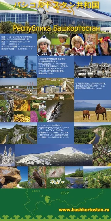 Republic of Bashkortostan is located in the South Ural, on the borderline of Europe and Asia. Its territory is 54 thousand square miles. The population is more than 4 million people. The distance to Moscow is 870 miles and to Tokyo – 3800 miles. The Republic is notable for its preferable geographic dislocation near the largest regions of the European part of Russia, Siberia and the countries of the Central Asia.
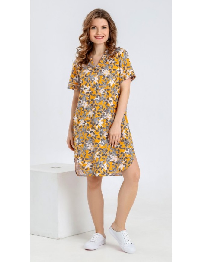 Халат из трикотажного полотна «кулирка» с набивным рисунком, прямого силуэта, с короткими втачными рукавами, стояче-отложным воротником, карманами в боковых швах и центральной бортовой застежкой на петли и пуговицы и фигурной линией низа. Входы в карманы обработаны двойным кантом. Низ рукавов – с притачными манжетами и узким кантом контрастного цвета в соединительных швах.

==

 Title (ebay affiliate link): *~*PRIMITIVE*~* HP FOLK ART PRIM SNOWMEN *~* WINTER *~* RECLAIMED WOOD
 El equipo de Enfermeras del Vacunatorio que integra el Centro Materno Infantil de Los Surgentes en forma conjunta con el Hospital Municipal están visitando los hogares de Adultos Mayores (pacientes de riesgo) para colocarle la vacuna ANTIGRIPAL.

Requirement: Using the material above, reproduce only the lines that run from the line with "Republic of Bashkortostan" up to and including the line with "Халат из трикотажного", exactly, with the pictures dropped.

Solution for this exercise:
 Republic of Bashkortostan is located in the South Ural, on the borderline of Europe and Asia. Its territory is 54 thousand square miles. The population is more than 4 million people. The distance to Moscow is 870 miles and to Tokyo – 3800 miles. The Republic is notable for its preferable geographic dislocation near the largest regions of the European part of Russia, Siberia and the countries of the Central Asia.
 Халат из трикотажного полотна «кулирка» с набивным рисунком, прямого силуэта, с короткими втачными рукавами, стояче-отложным воротником, карманами в боковых швах и центральной бортовой застежкой на петли и пуговицы и фигурной линией низа. Входы в карманы обработаны двойным кантом. Низ рукавов – с притачными манжетами и узким кантом контрастного цвета в соединительных швах.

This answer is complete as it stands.